Paul writes from experience.  He was working to wipe out Christianity when Jesus came to him; he was directly responsible for the stoning deaths of Christians.  He was “breathing murderous threats” when Jesus appeared to him.  He was convinced he was right – and righteous. But, if you recall Paul’s encounter with the risen Christ on the road to Damascus, you know that meeting with real “righteousness, holiness, and truth ” stunned Paul into changing his life, putting on a “new self”, and as a result he truly changed the world.  Remember, Jesus loves us, despite anything we’ve done.

With that background, we come to the Gospel.  Jesus has to tell the crowd, “You were looking for me not because you saw miracles, but because you ate the loaves and were filled.  Don’t work for food that perishes but for the food that endures for eternal life, which I WILL GIVE you.” 

“Ok”, the people say, “What do we have to do?”  But they had only listened up to the part about the food; that was their “reality”.  What Paul called “the futility of their minds” had trapped them.  Jesus was talking about eternity; they were thinking about lunch. 

It’s easy to understand why the people reacted like they did.  Theirs was a culture of constant near starvation.  A full day’s work paid for nothing but a day’s food.   Hunger was very real to them, and I get why their minds were on manna – free food that appeared each day, bread from heaven.  “Sir”, they say, “Give us this bread always.”  I can imagine their confusion when Jesus replied, “I am the bread of life; whoever comes to me will never hunger, and whoever believes in me will never thirst.”

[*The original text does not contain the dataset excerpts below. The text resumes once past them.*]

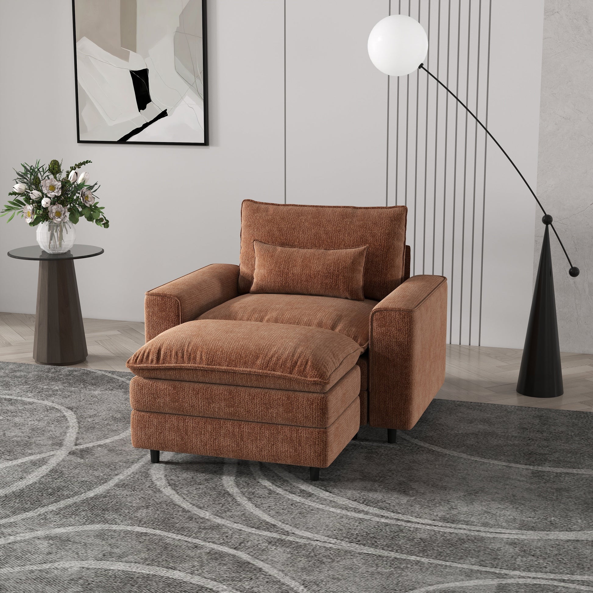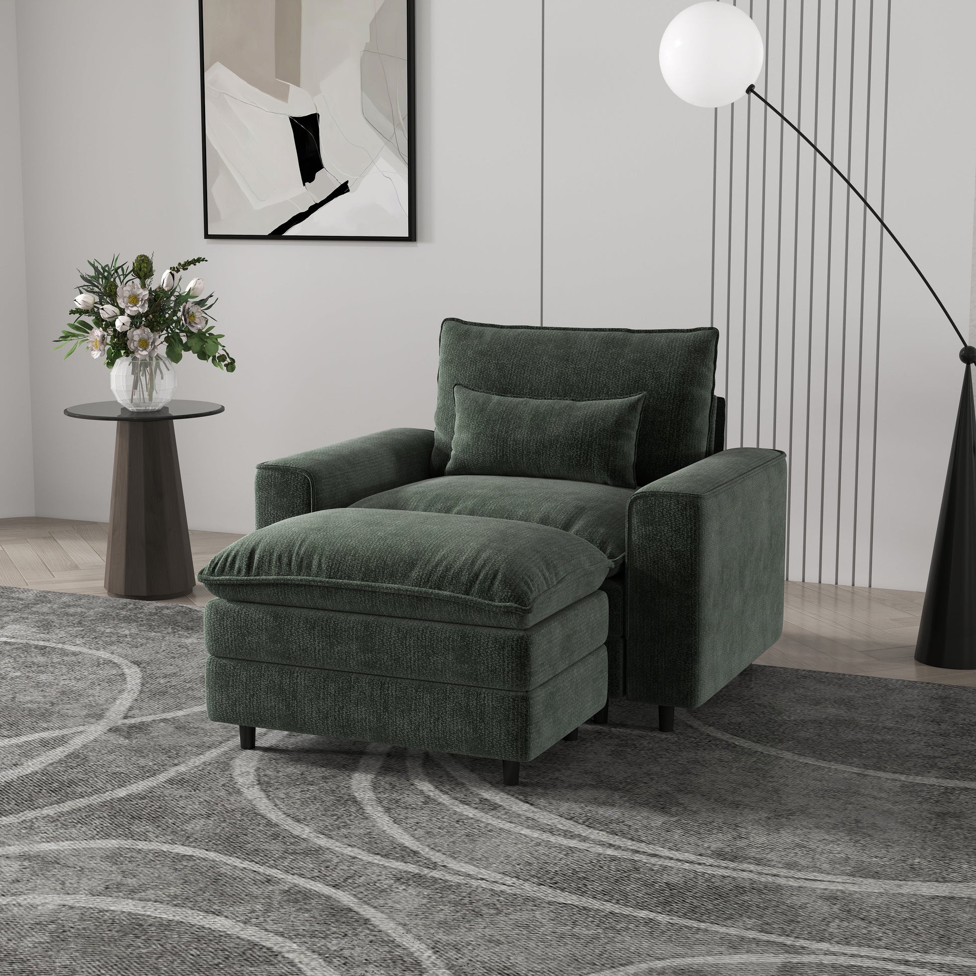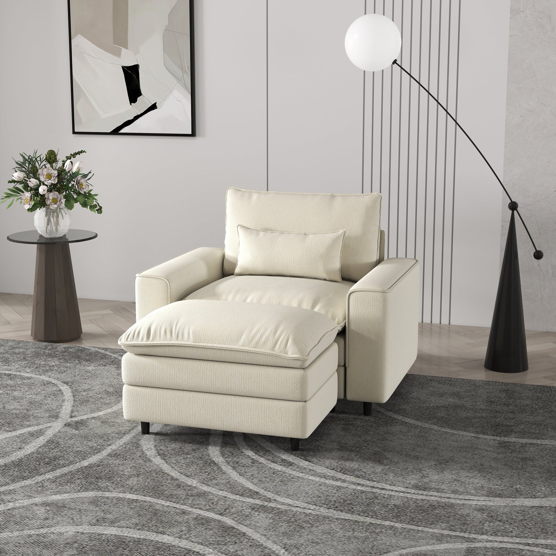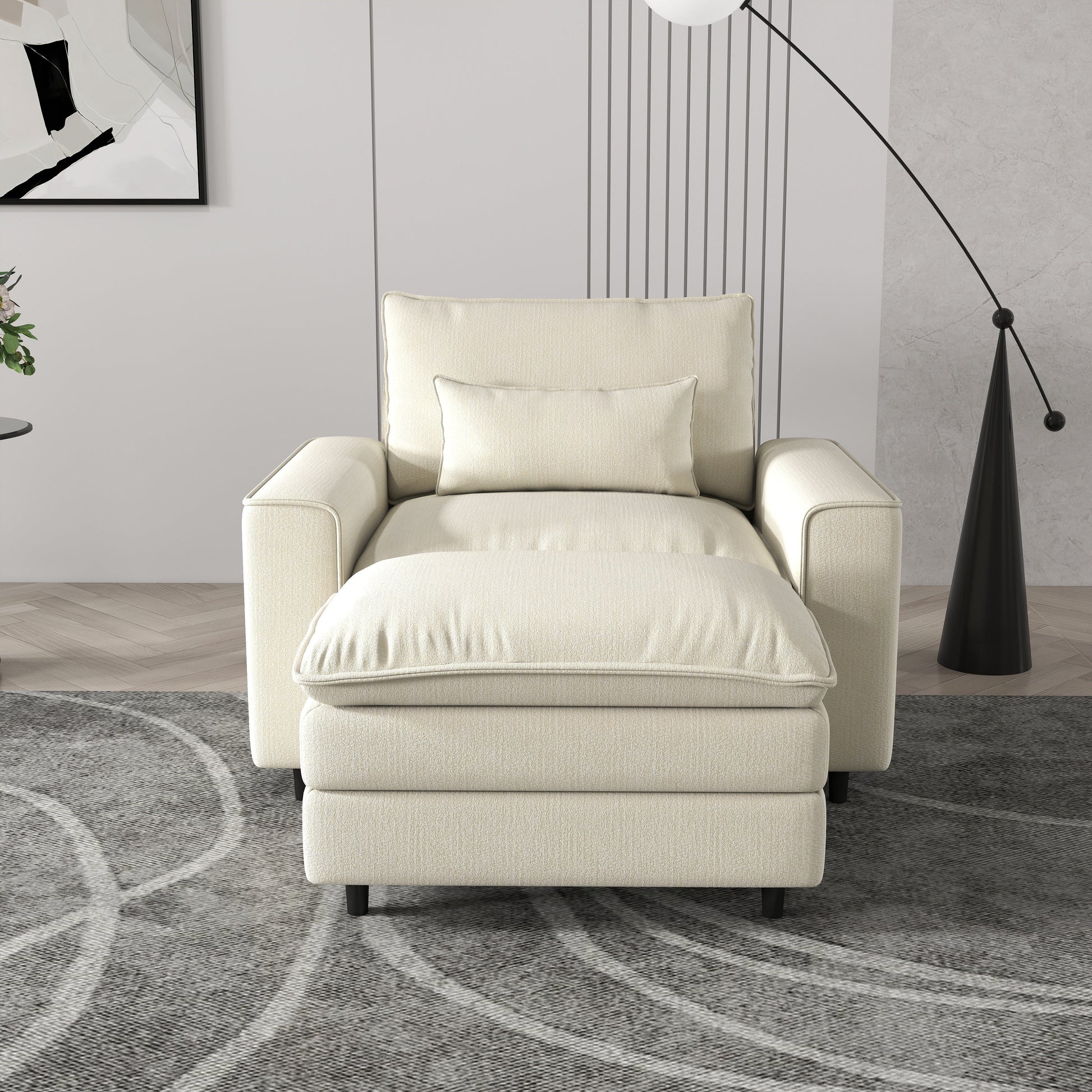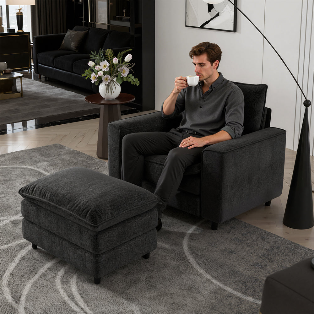 Comfort Combo: Single Sofa and Portable Footstool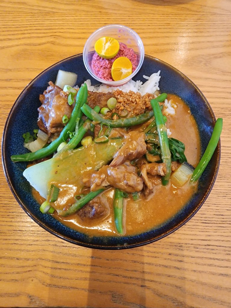 This month was Asian American and Pacific Islander Heritage Month (AAPIHM), so Bakers and Baristas have been making a different weekend dish showcasing an Asian dish. The first weekend was Filipino food with kare kare and ube latte. Tom and I don’t eat Filipino food often, so I was excited to try different cuisines. The kare kare was made out of braised beef, peanut sauce, oyster mushroom, bok choy, eggplant, long beans and bagoong (which is a fermented fish side dish). The braised beef was so tender, and the whole dish elevated when you added the bagoong into the whole thing. I really enjoyed it. The ube latte was very refreshing to eat with the kare kare.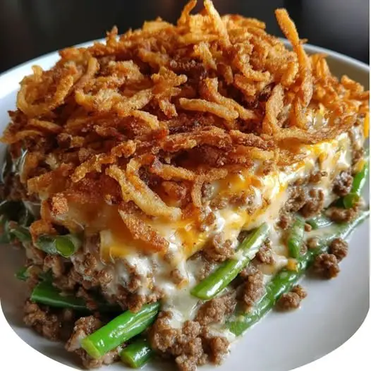 A hearty and comforting casserole featuring ground beef, green beans, and a creamy mushroom soup base, topped with melted cheese and crispy fried onions.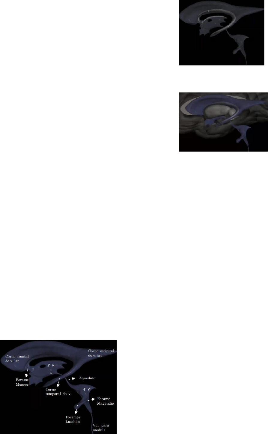 HIDROCEFALIA Dilatação ventricular associada a quadro de hipertensão intracraniana, devido ao desequilíbrio da produção e absorção do LCR · Aumento do perímetro cefálico (especialmente em crianças, por conta das fontanelas) · Aumento da produção de LCR: tumores de plexo coróide · Alteração da absorção: bloqueio nas granulações aracnóides · Alteração no fluxo do LCR: acumula nos ventrículos · Para ser hidrocefalia, precisa de dilatação ventricular + hipertensão intracraniana!! → nem toda dilatação ventricular é hidrocefalia DILATAÇÃO VENTRICULAR: · Pode ocorrer em idosos, pois ventrículo não dilata porque tem mais líquor, mas sim, porque o parênquima atrofia e o ventrículo se torna maior · TCE grave que faz uma atrofia cerebral e dilata o ventrículo, não obrigatoriamente isso tenha que ser uma hidrocefalia · Criança com hipóxia neonatal importante e que faz uma lesão cerebral difusa, a cabeça não cresce, faz uma microcefalia. Dilatação, então, não é por hipertensão do ventrículo, mas sim pois o cérebro é doente e faz uma atrofia ANATOMIA DO SISTEMA VENTRICULAR:: · Ventrículos laterais produz LCR, pois tem plexo coróide · Forame de Monro: 2 Monros fazem ligação entre os ventrículos laterais e o 3º ventrículo que é único · III ventrículo: produz LCR, pois tem plexo coróide · Aqueduto cerebral: fica dentro do tronco cerebral · IV ventrículo: fica na porção mediana do cerebelo · Forames de Luschka e Magendie: Luschka são dois laterais e Magendie é um media Plexo coróide destacado: Tálamo: lateral ao 3° ventrículo Corpo caloso: entre 2 ventrículos laterais FISIOLOGIA DO LCR: · Líquor é o que circula dentro do sistema ventricular, por toda a medula espinhal e até o encéfalo, no espaço subaracnóide · Tem uma constituição de água, íons (Na/K), glicose e proteínas, sendo sua coloração normal conhecida como “cor de água de rocha”, ou seja, é transparente · Celularidade, aumento de proteínas e alteração da glicose são patológicos, como acontece nas meningites · Adultos produzem cerca de meio litro de LCR por dia (400- 600 ml/dia), nos plexos coróides, o que equivale a uma produção de 15-25 ml/ hora · A cada 24 horas esse LCR é renovado, ou seja, acontecem ciclos de produção e absorção · *Absorção acontece nas vilosidades aracnóides (granulações de Pacchioni), por gradiente de pressão hidrostática (ocorre através do endotélio das vilosidades coroideas) e pela reabsorção linfática · Sistema de pressão hidrostática dependente entre o LCR e o seio venoso, com formação transitória de vacúolos no epitélio aracnóide para transportar o LCR através da barreira hematoencefálica (tight junctions) ** em HSA ou meningite → bloqueia granulações aracnóideas → dificulta absorção do líquor → hidrocefalia → isso vai aumentando dentro do cérebro, pode fazer um quadro de aumento da PIC, lesiona o doente e muitas vezes pode ser fatal DINÂMICA LIQUÓRICA: Produção no plexo coróide, nos ventrículos laterais → forame Monroe → terceiro ventrículo → aqueduto (dentro do tronco cerebral) → 4º ventrículo → forames de Luschka e de Magendie → medula E espaço subaracnóide → reabsorção nas granulações aracnóideas → sistema venoso FISIOPATOLOGIA: · Na hidrocefalia há um desequilíbrio entre produção/absorção OU desequilíbrio do fluxo do LCR dentro do sistema ventricular · Associado a isso, uma complacência cerebral limitada = não suporta grandes inchaços → aumento da pressão intracraniana Causas: Dentro do sistema ventricular: · Estenose aqueduto · Tumores intraventriculares Fora do sistema ventricular · Tumores medulares = líquor não vai para baixo · Chiari tipo I = alteração da fossa posterior → invaginação da base do crânio, o que causa deformidade do tronco e pode fazer hidrocefalia · Bloqueio dos espaços liquóricos → ex: meningite Restrição do volume dos espaços meníngeos/ perda da elasticidade meníngea · Meninge mais endurecida · Cranioestenoses complexas = solidificação de crânio de criança e não deixa a cabeça crescer, faz restrição do volume do espaço meníngeo e acumula líquor · Hipoplasia craniana: crânio que não desenvolve · Inflamação: doentes que fazem processo inflamatório tão grande que o espaço meníngeo é limitado por cicatrização Alteração dos gradientes de pressão: · Hipertensão venosa - não se consegue fazer a troca entre a veia e o plexo coróide e, pela maior pressão, dilata · **sempre se entendeu hidrocefalia como: alteração do fluxo de líquor OU aumento da produção (tumor de plexo coróide) OU diminuição da absorção (HSA, meningite) · Novos estudos falam que a hidrocefalia é uma doença causada por distúrbios do LCR nos diversos compartimentos que existem no SNC → alteração da migração do líquor para o sistema ventricular e espaço subaracnóide → não apenas relacionado a circulação do líquor · Alguns fatores que indicam que isso pode acontecer: o LCR pode ser produzido e reabsorvido através da relação LCR com fluido intersticial (ou seja, pode acontecer em todas as partes do SNC) → como a relação com o sistema linfático, absorção do líquor nos capilares nas paredes do SNC (não só nas granulações aracnóideas) · Assim, o deslocamento do LCR nos espaços liquóricos pode não ocorrer num fluxo unidirecional e sim, pelos movimentos que ocorrem entre os diversos compartimentos anatômicos que contém LCR Por que a hidrocefalia causa problema? Distorção das relações anatômicas normais entre as estruturas cerebrais: Ventrículo dilatado → comprime todo o parênquima cerebral: · Ocorre compressão da dura-máter (dor) · De pares cranianos (VI par) · Tronco cerebral (compressão do SRAA – sistema reticular ativador ascendente) · Pode fazer herniação → coma e alteração dos níveis de consciênci

So here is the centerpiece of the entire passage. “I am the bread of life.” Jesus knows full well about hunger and thirst. God created us to be more than animals who stand in the field, eating grass. Life is more than white, rye or pumpernickel. Life is love, community, family, worship, eternity. Drive-thrus sell food, not give life. Jesus sustains the soul in a way that far exceeds bread filling the stomach. “I am the way, the truth and the life” is not a statement about which religion is the best, but an open door to life beyond our imagining. Jesus is the bread of love, community, family, the very substance of the spirit of God, the essence of life.

 The early church understood.  James 2:15-17 “ If a brother or sister is naked and lacks daily food, and one of you says to them, “Go in peace; keep warm and eat your fill,” and yet you do not supply their bodily needs, what is the good of that? So faith by itself, if it has no works, is dead.”  On page 12, at the bottom, in the Saturday Baltimore Sun, is this one-paragraph article: “The World Food Program announced new cuts…in food aid for Syrian refugees in Jordan…” There are 629,000 Syrian refugees in Jordan, and their monthly food allotment is as low as $7.00.  More than half of these are children. There is no money after August for over 3 million children.   The early church may have understood Jesus, but today’s world – not so much.

Jesus tells the people, “This is the work of God:  that you believe in the one he sent.”  He is teaching priority #1.  First, we believe and love God.  If we do that, then loving each other is a given.  It is a part of loving God.  It is belief itself; the two cannot be separated.  Loving God is believing that God is the source of life.  God brings life to not only our body, but also our soul. This is not different from loving each other and caring for each other, body and soul, stomach and spirit.  Our love of God is based on a risen Christ, and Christ’s love for us was God’s love.  This is all one idea, one belief, one faith.  If the love is real, then the bread comes with it.  

Lord, renew the spirit of our minds, and help us to live in your truth.